**Records from a collection**
# # # #

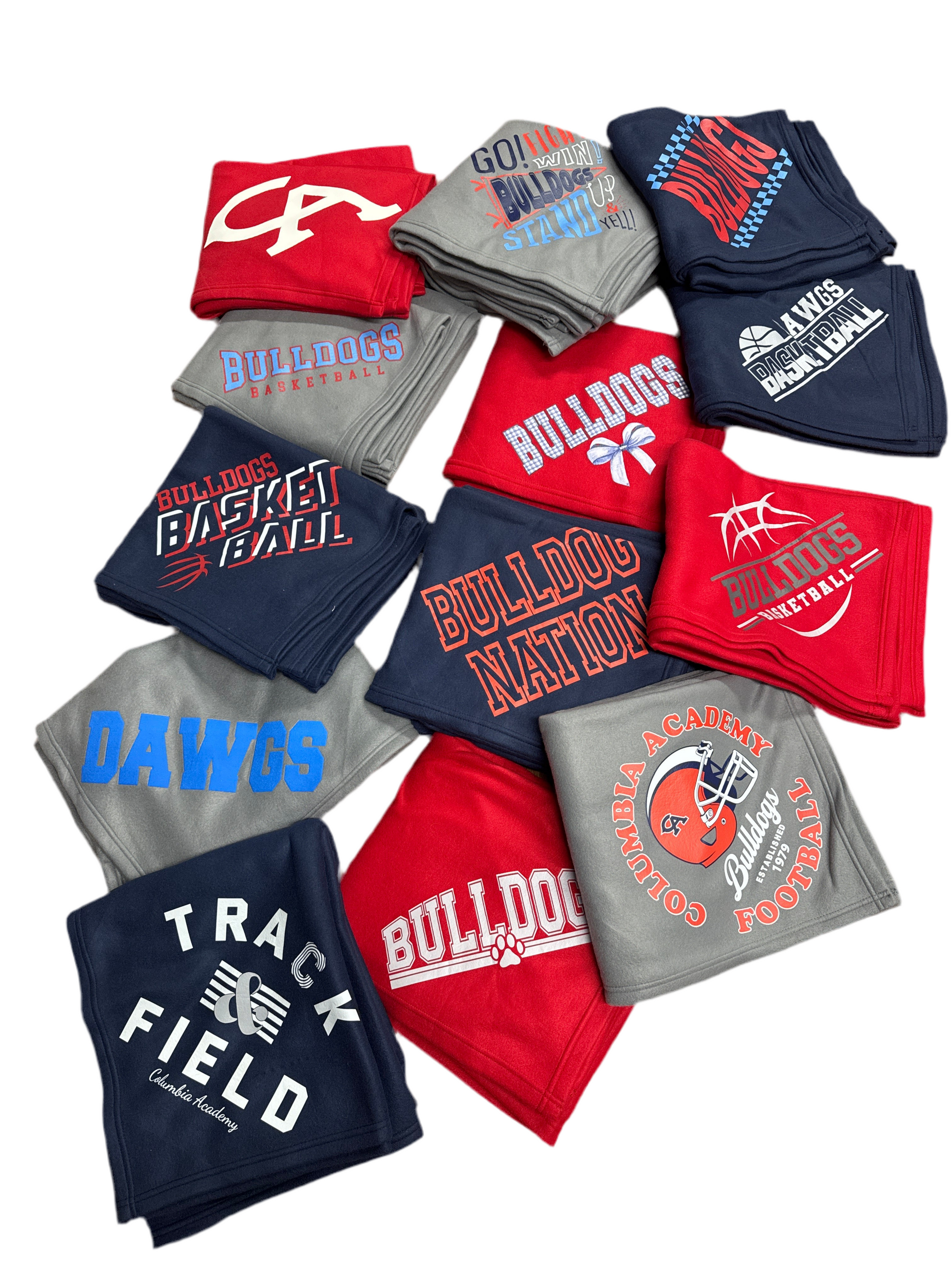 Stay warm and stylish with our Red, Navy, or Gray Fleece Blanket. Each blanket features a unique design and is made of soft, cozy fleece. With a wide selection of designs to choose from, it makes the perfect gift for teachers, staff, or for taking to games around campus. Stay warm and show off your school spirit with our NEW Fleece Blankets.
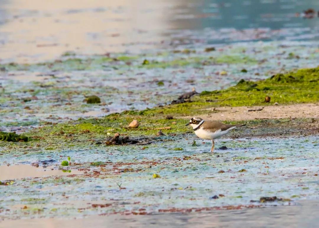 這只小喬可愛的鳥類屬于小型鸻科鳥,它的眼瞼四周是金黃色,有明顯的白色領(lǐng)圈,其下有明顯的黑色領(lǐng)圈。
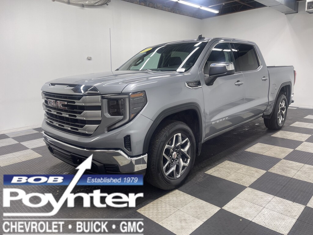 Come see this 2023 GMC Sierra 1500 SLE. Its Automatic transmission and Gas V8 5.3L/325 engine will keep you going. This GMC Sierra 1500 features the following options: WHEELS, 20" POLISHED ALUMINUM WHEELS with technical gray painted accents, TRANSMISSION, 10-SPEED AUTOMATIC, (COLUMN SHIFTER) ELECTRONICALLY CONTROLLED with overdrive and tow/haul mode. Includes Cruise Grade Braking and Powertrain Grade Braking, TIRES, 275/60R20 ALL-SEASON, BLACKWALL, TIRE, SPARE 255/80R17SL ALL-SEASON, BLACKWALL, TAILGATE, STANDARD, SUSPENSION PACKAGE, HIGH CAPACITY, STERLING METALLIC, SLE PREFERRED EQUIPMENT GROUP includes standard equipment, SEATS, FRONT 40/20/40 SPLIT-BENCH with covered armrest storage and under-seat storage (lockable) (STD), and REMOTE START PACKAGE includes (BTV) Remote Start, (UTJ) Theft-deterrent system and (C49) rear-window defogger. Stop by and visit us at Bob Poynter GM, 1209 E Tipton St, Seymour, IN 47274.
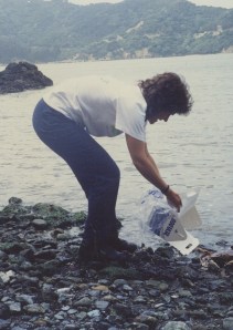 At Joan’s, she meets us at her door and quickly whisks us down the stairs leading to the beach. Sue and I are chuckling with the absurdity of the situation, but poor Charlie isn’t amused. We open the bag and place him on the pebbles next to the gently lapping waves. But he doesn’t move. We’ve killed him!
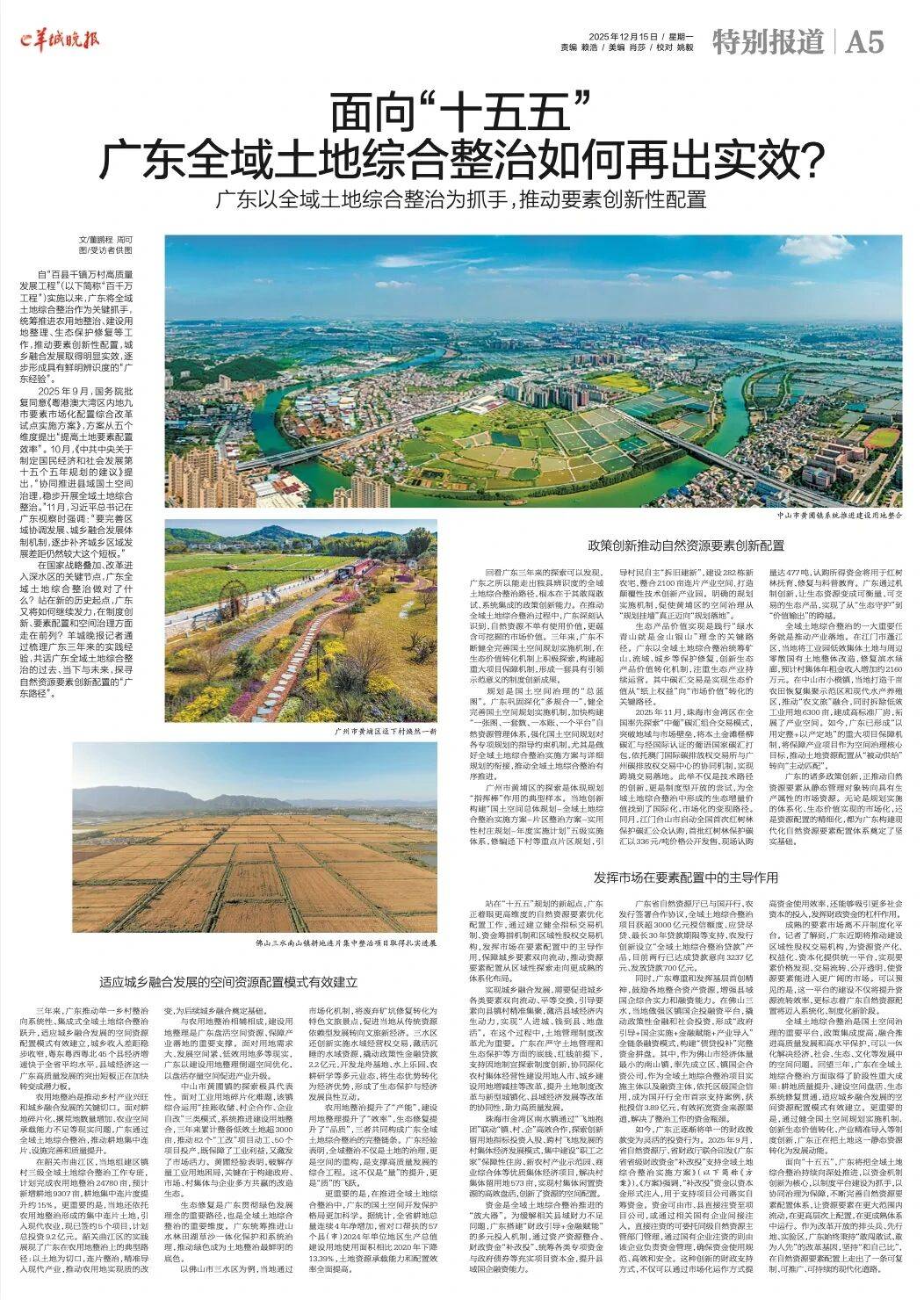 面向“十五五”,广东将把全域土地综合整治持续向深处推进,以资金机制创新为核心,以制度平台建设为抓手,以协同治理为保障,不断完善自然资源要素配置体系,让资源要素在更大范围内流动,在更高层次上配置,在更成熟体系中运行。作为改革开放的排头兵、先行地、实验区,广东始终秉持“敢闯敢试、敢为人先”的改革基因,坚持“和自己比”,在自然资源要素配置上走出了一条可复制、可推广、可持续的现代化道路。
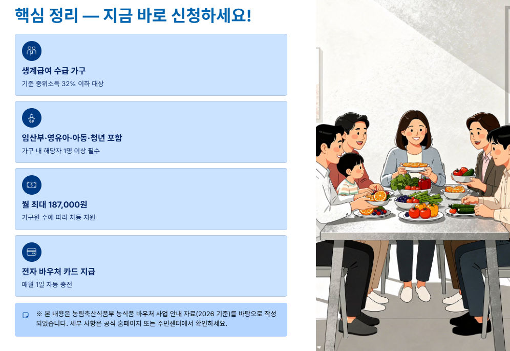 농식품 바우처를 받을 수 있는 조건 알고 계신가요? 많은 가구가 대상이지만 신청방법이나 기준을 몰라 혜택을 놓치고 있습니다. 2026년 기준 농식품 바우처 조건, 지원금액, 신청방법까지 한 번
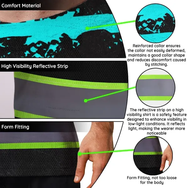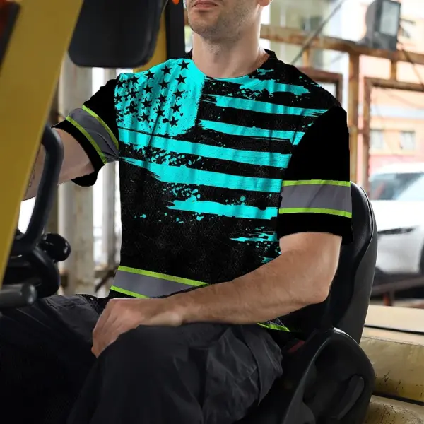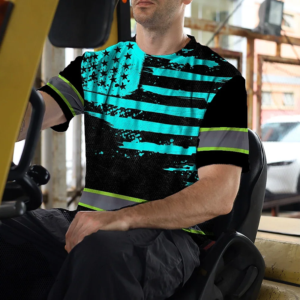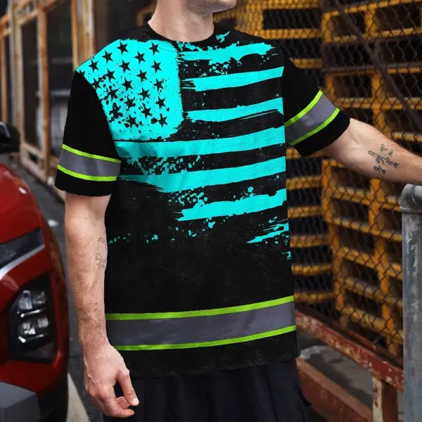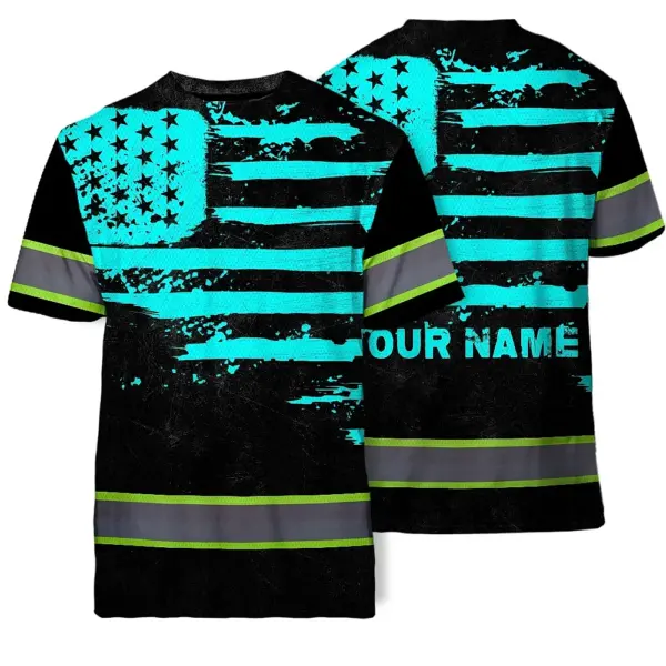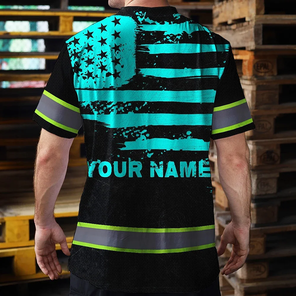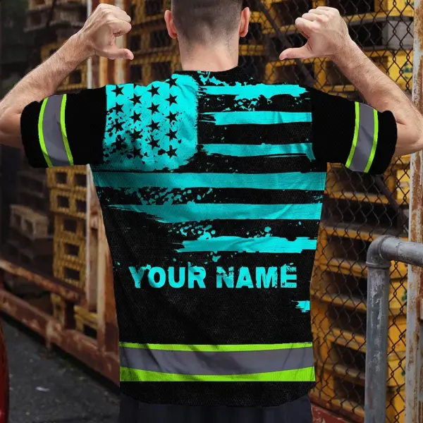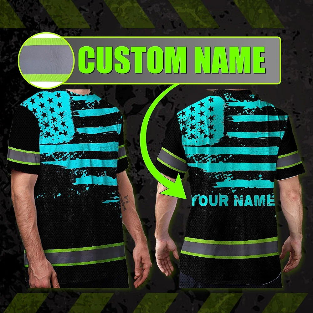 Hi Vis Shirt Reflective Tapes Blue Neon US Flag Custom Name Safety Workwear For Workers, Runners, Cyclists
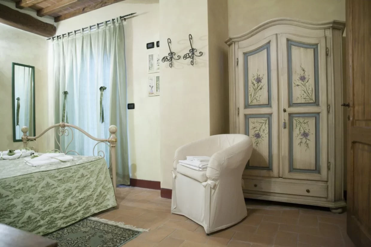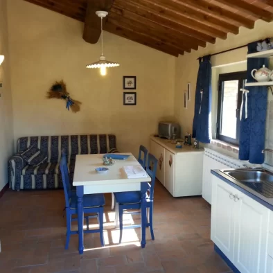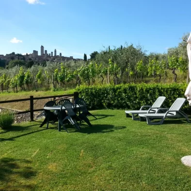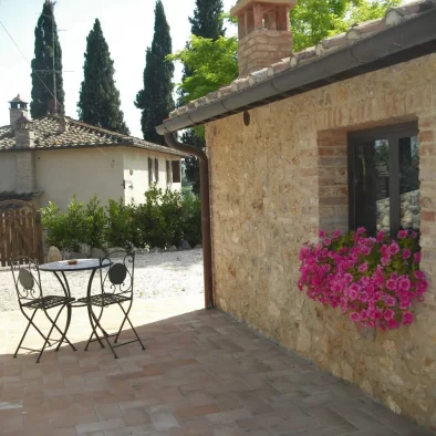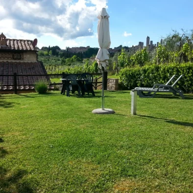 L’ortensia è un grazioso appartamento di 45 mq ricavato in una metà del vecchio fienile nel Podere degli Olivi, dove un tempo venivano sistemati gli attrezzi e le macchine agricole. Recentemente ristrutturato, il fienile è circondato da terrazze in cotto ed aree giardino arredate con tavoli, sedie, ombrelloni e sdraio, dalle quali si gode di una splendida "San Gimignano" la famosa Città medievale. A disposizione degli ospiti un barbecue per le cene all’aperto in allegria. L’appartamento è composto da un confortevole soggiorno con cucina in stile country e mobili antichi restaurati, un’area salotto con divano (che su richiesta può diventare letto matrimoniale),da una camera da letto, da un bagno con cabina doccia. Sia dalla camera che dal soggiorno si può accedere alla terrazza in cotto e da qui con una caratteristica scala in pietra, al giardino.
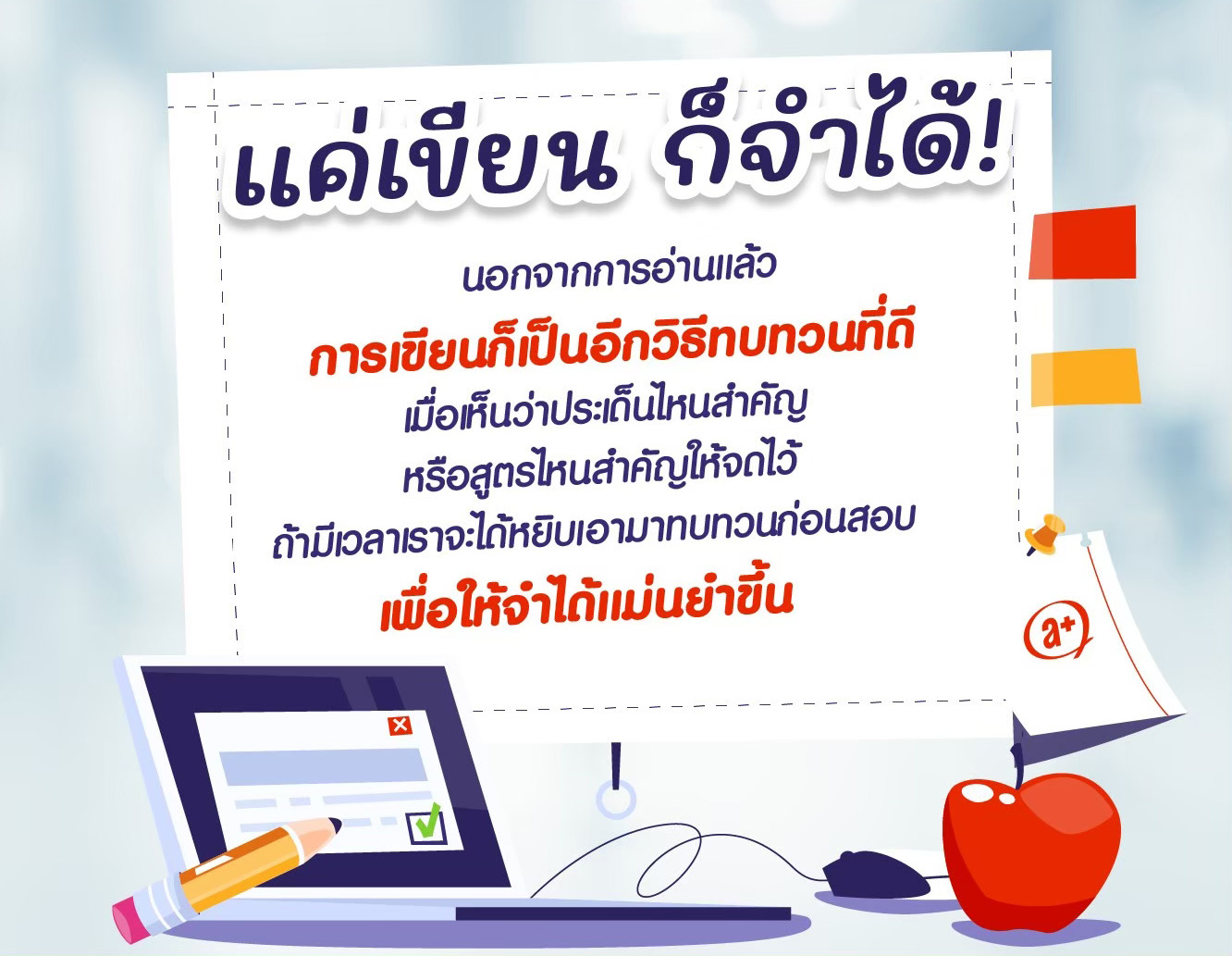 นอกจากการอ่านแล้ว การเขียนสรุปเป็นอีกหนึ่งเทคนิคสำคัญ

# # # #

**TASK GOAL**
Leave out every picture and transcribe the remaining entries exactly.

**SOLUTION FOR THIS TASK**
 Stay warm and stylish with our Red, Navy, or Gray Fleece Blanket. Each blanket features a unique design and is made of soft, cozy fleece. With a wide selection of designs to choose from, it makes the perfect gift for teachers, staff, or for taking to games around campus. Stay warm and show off your school spirit with our NEW Fleece Blankets.
 這只小喬可愛的鳥類屬于小型鸻科鳥,它的眼瞼四周是金黃色,有明顯的白色領(lǐng)圈,其下有明顯的黑色領(lǐng)圈。
 Come see this 2023 GMC Sierra 1500 SLE. Its Automatic transmission and Gas V8 5.3L/325 engine will keep you going. This GMC Sierra 1500 features the following options: WHEELS, 20" POLISHED ALUMINUM WHEELS with technical gray painted accents, TRANSMISSION, 10-SPEED AUTOMATIC, (COLUMN SHIFTER) ELECTRONICALLY CONTROLLED with overdrive and tow/haul mode. Includes Cruise Grade Braking and Powertrain Grade Braking, TIRES, 275/60R20 ALL-SEASON, BLACKWALL, TIRE, SPARE 255/80R17SL ALL-SEASON, BLACKWALL, TAILGATE, STANDARD, SUSPENSION PACKAGE, HIGH CAPACITY, STERLING METALLIC, SLE PREFERRED EQUIPMENT GROUP includes standard equipment, SEATS, FRONT 40/20/40 SPLIT-BENCH with covered armrest storage and under-seat storage (lockable) (STD), and REMOTE START PACKAGE includes (BTV) Remote Start, (UTJ) Theft-deterrent system and (C49) rear-window defogger. Stop by and visit us at Bob Poynter GM, 1209 E Tipton St, Seymour, IN 47274.
 At Joan’s, she meets us at her door and quickly whisks us down the stairs leading to the beach. Sue and I are chuckling with the absurdity of the situation, but poor Charlie isn’t amused. We open the bag and place him on the pebbles next to the gently lapping waves. But he doesn’t move. We’ve killed him!
 面向“十五五”,广东将把全域土地综合整治持续向深处推进,以资金机制创新为核心,以制度平台建设为抓手,以协同治理为保障,不断完善自然资源要素配置体系,让资源要素在更大范围内流动,在更高层次上配置,在更成熟体系中运行。作为改革开放的排头兵、先行地、实验区,广东始终秉持“敢闯敢试、敢为人先”的改革基因,坚持“和自己比”,在自然资源要素配置上走出了一条可复制、可推广、可持续的现代化道路。
 농식품 바우처를 받을 수 있는 조건 알고 계신가요? 많은 가구가 대상이지만 신청방법이나 기준을 몰라 혜택을 놓치고 있습니다. 2026년 기준 농식품 바우처 조건, 지원금액, 신청방법까지 한 번
 Hi Vis Shirt Reflective Tapes Blue Neon US Flag Custom Name Safety Workwear For Workers, Runners, Cyclists
 L’ortensia è un grazioso appartamento di 45 mq ricavato in una metà del vecchio fienile nel Podere degli Olivi, dove un tempo venivano sistemati gli attrezzi e le macchine agricole. Recentemente ristrutturato, il fienile è circondato da terrazze in cotto ed aree giardino arredate con tavoli, sedie, ombrelloni e sdraio, dalle quali si gode di una splendida "San Gimignano" la famosa Città medievale. A disposizione degli ospiti un barbecue per le cene all’aperto in allegria. L’appartamento è composto da un confortevole soggiorno con cucina in stile country e mobili antichi restaurati, un’area salotto con divano (che su richiesta può diventare letto matrimoniale),da una camera da letto, da un bagno con cabina doccia. Sia dalla camera che dal soggiorno si può accedere alla terrazza in cotto e da qui con una caratteristica scala in pietra, al giardino.
 นอกจากการอ่านแล้ว การเขียนสรุปเป็นอีกหนึ่งเทคนิคสำคัญ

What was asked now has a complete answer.